- _Aim of the exercise_
Could you write out exactly, and only, the lines from the one containing "门诊二楼心内科诊区突听一句急" through the last line of the data, leaving out all pictures?

- _Working data_
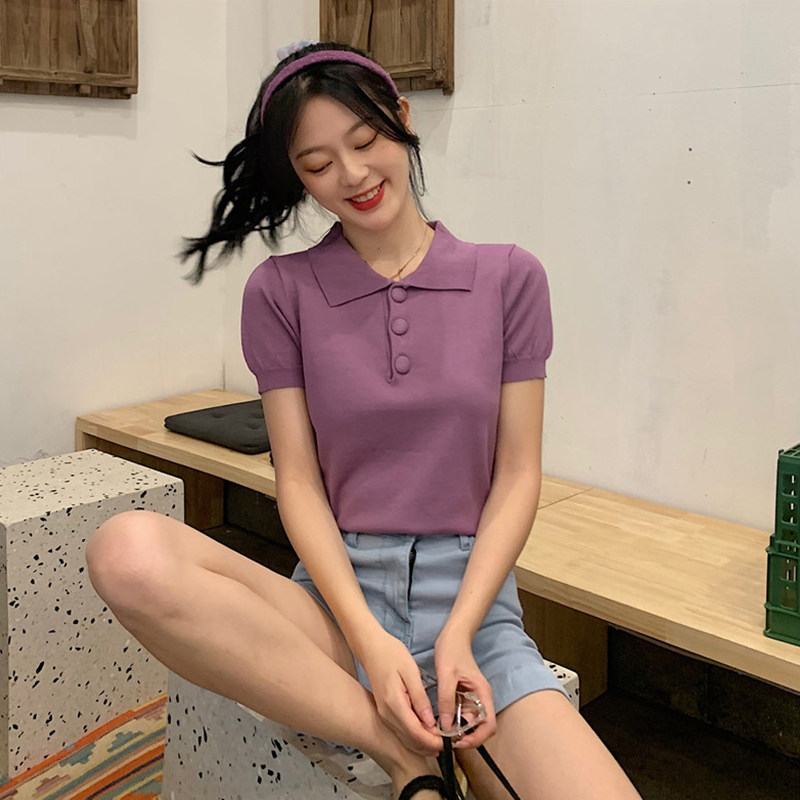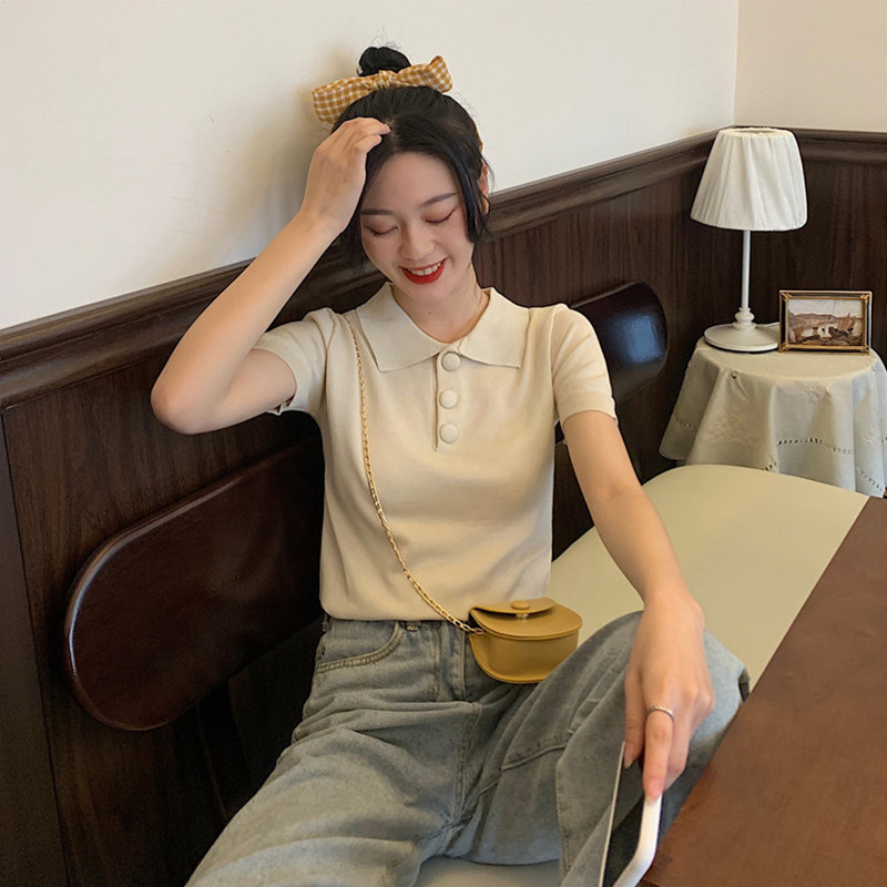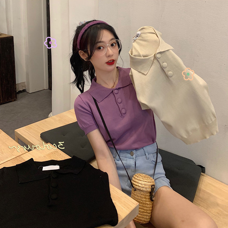 Summer new Korean version Black Polo collar ice-knitted sweatshirt with short sleeve T-shirt for short sleeves T-shirt
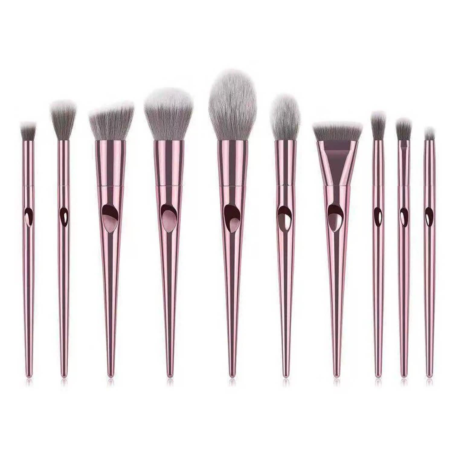 10-Piece: Metallic Premium Cosmetic Makeup Brushes Set
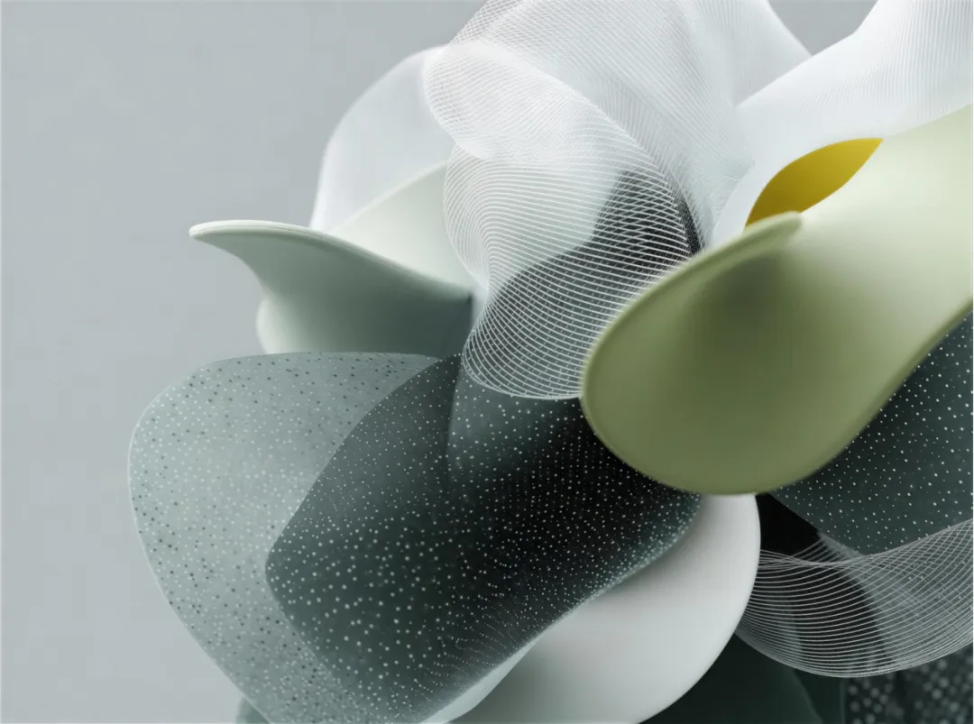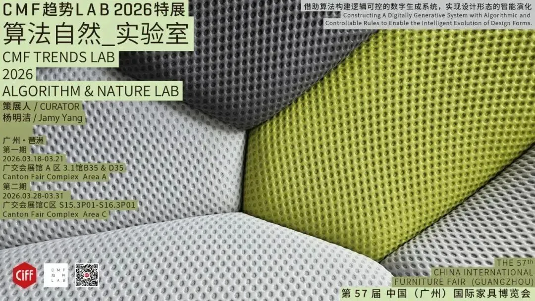CMF趋势LAB-算法自然实验室借助算法构建逻辑可控的数字生成系统,实现设计形态的智能演化。实验室将呈现由碳纤维丝线编织而成的“翻花绳椅”,丝线在定点间穿梭,结构稳固,形态优雅如绳结艺术;采用5系铝合金一体成型的“宁德时代超薄磁吸充电宝”,兼顾轻薄与结构强度,展现精密制造与功能美学;由PETG为结构⻣架、不锈钢为⽀撑脊线、玻璃为承载界⾯组成的流光茶几,光从结构内部渗出,柔化空间边界,营造松弛氛围。
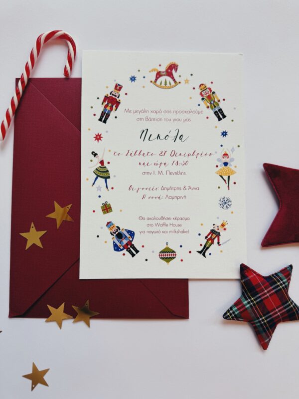 Προσκλητήριο The Nutcracker Theme. Όλο το παραμύθι του καρυοθράυστη σε μια ιδιαίτερη πρόσκληση με το κλασικό θέμα των Χριστουγέννων, αλλά αλλιώτικα. Ό,τι πρέπει χειμερινές βαπτίσεις. Μπορεί σύμφωνα με το θέμα αυτό να γίνει όλο το βαπτιστικό πακέτο.
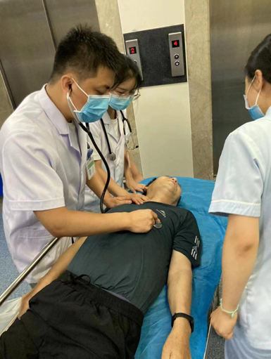 门诊二楼心内科诊区突听一句急促的呼喊。心内科医生赵永勇、分诊护士李娟琴、罗存珍闻声立即飞奔过去,经过判断意识、观察瞳孔、触摸颈动脉搏动等一系列操作,赵永勇医生立即给予患者开放气道,行胸外心脏按压,与此同时,李娟琴护士立即联系急诊抢救室和电梯,14:38分,急诊抢救小组到达抢救现场,急诊医生杜君华,护士宋欢、刘凡祯急诊轮流对患者行胸外按压,大家齐心协力合力施救,共同将患者转移到抢救床,立即转送至急诊抢救室进行后续治疗,目前患者已被转至心血管内一科进一步治疗。
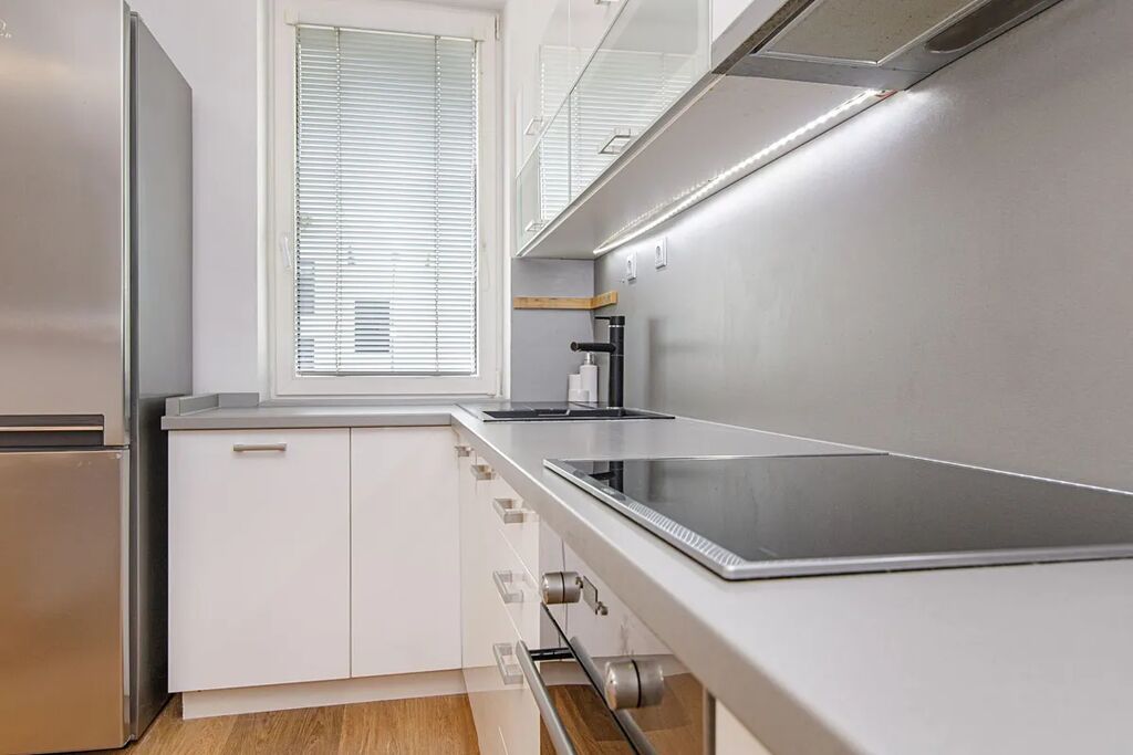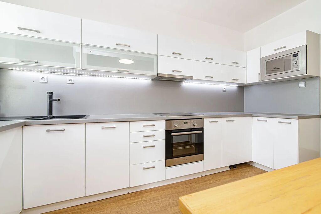 V bytě je k dispozici kuchyňská linka vč. všech vestavných spotřebičů. Na podlaze je kvalitní laminátová podlaha. Vytápění zajištuje moderní plynový kondenzační kotel. Vstupní dveře jsou bezpečností, protipožární.

- _Answer for this exercise_
 门诊二楼心内科诊区突听一句急促的呼喊。心内科医生赵永勇、分诊护士李娟琴、罗存珍闻声立即飞奔过去,经过判断意识、观察瞳孔、触摸颈动脉搏动等一系列操作,赵永勇医生立即给予患者开放气道,行胸外心脏按压,与此同时,李娟琴护士立即联系急诊抢救室和电梯,14:38分,急诊抢救小组到达抢救现场,急诊医生杜君华,护士宋欢、刘凡祯急诊轮流对患者行胸外按压,大家齐心协力合力施救,共同将患者转移到抢救床,立即转送至急诊抢救室进行后续治疗,目前患者已被转至心血管内一科进一步治疗。
 V bytě je k dispozici kuchyňská linka vč. všech vestavných spotřebičů. Na podlaze je kvalitní laminátová podlaha. Vytápění zajištuje moderní plynový kondenzační kotel. Vstupní dveře jsou bezpečností, protipožární.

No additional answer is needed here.